- _Exercise inputs_:
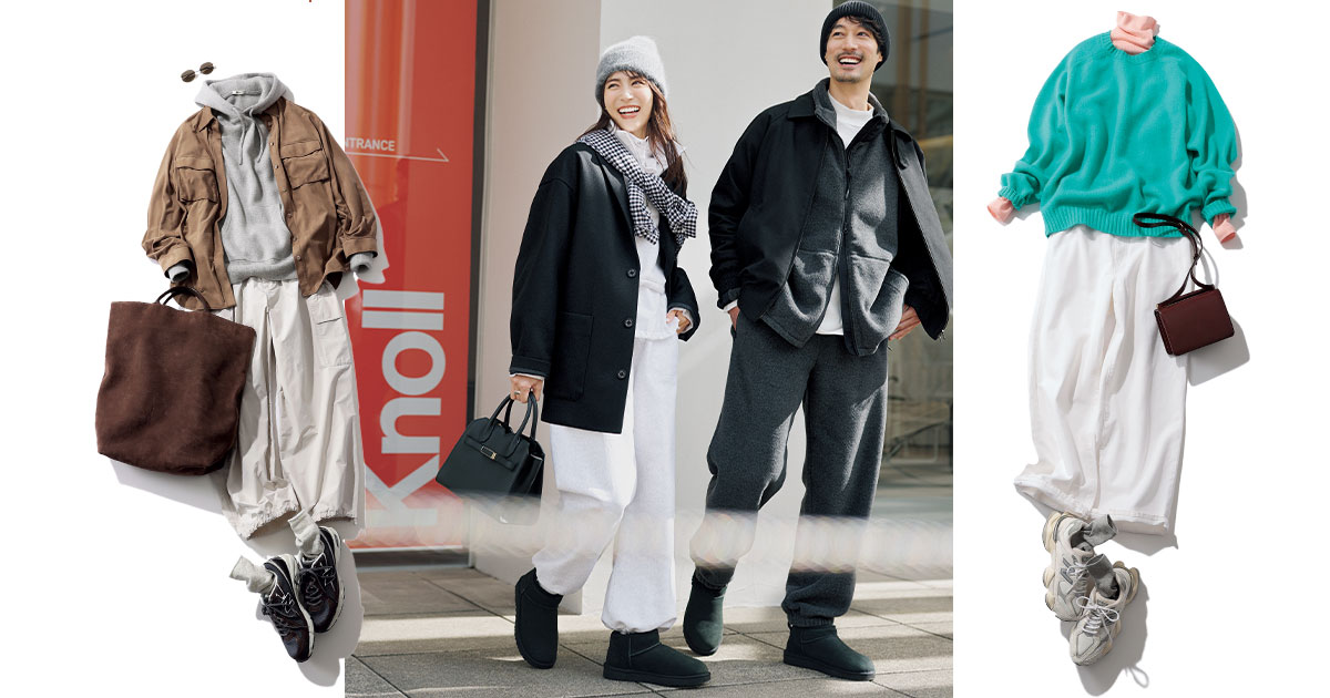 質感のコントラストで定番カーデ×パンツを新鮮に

...

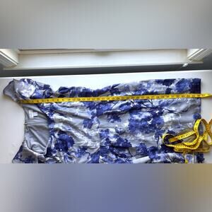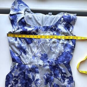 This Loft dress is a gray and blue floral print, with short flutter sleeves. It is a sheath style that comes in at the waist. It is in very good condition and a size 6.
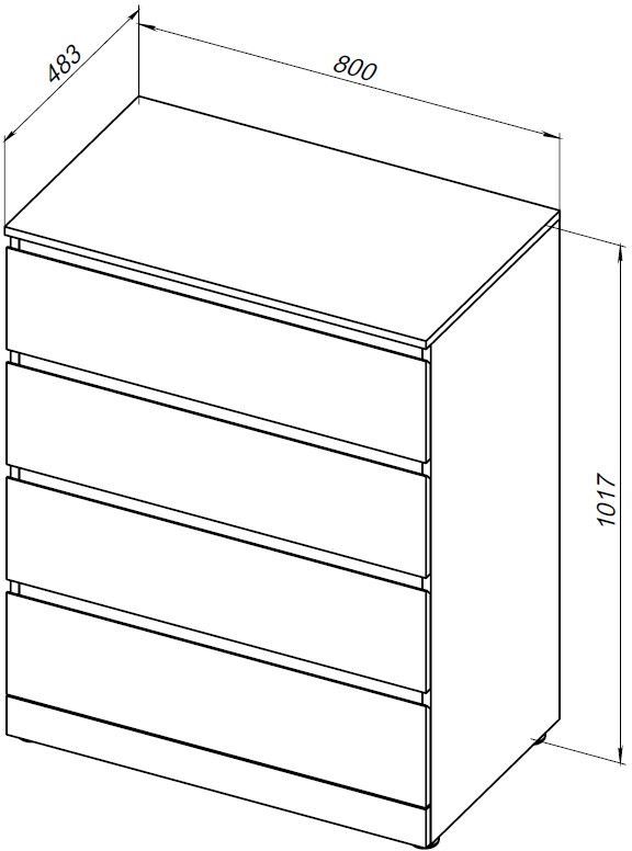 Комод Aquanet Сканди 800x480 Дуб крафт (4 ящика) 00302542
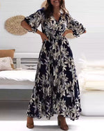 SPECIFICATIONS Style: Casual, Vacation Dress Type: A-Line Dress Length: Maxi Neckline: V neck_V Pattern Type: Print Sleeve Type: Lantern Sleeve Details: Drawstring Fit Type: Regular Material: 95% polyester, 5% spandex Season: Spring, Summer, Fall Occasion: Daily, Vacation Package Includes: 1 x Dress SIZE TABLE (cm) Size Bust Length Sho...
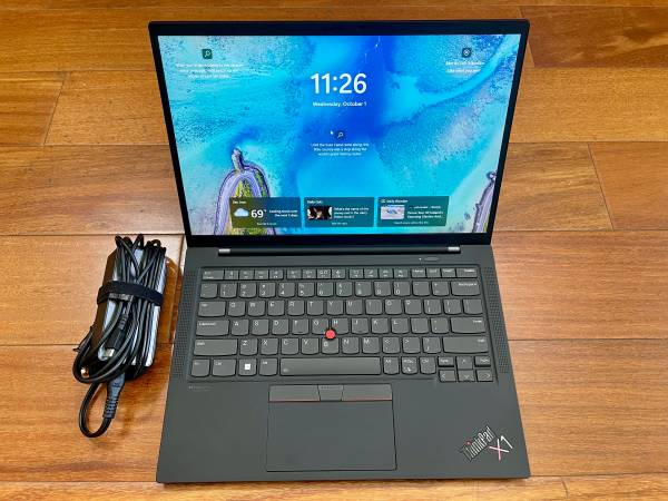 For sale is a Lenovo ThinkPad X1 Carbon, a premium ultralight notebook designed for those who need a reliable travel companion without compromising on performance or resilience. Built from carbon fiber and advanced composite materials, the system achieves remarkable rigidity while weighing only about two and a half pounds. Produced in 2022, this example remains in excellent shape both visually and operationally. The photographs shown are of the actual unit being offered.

* * *

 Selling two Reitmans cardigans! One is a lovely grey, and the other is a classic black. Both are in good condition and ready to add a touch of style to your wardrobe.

- _Work required_:
Go to the line above holding "This Loft dress", then copy exactly each line down to and including the one holding "Комод Aquanet Сканди", leaving pictures out.

- _Exercise result_:
 This Loft dress is a gray and blue floral print, with short flutter sleeves. It is a sheath style that comes in at the waist. It is in very good condition and a size 6.
 Комод Aquanet Сканди 800x480 Дуб крафт (4 ящика) 00302542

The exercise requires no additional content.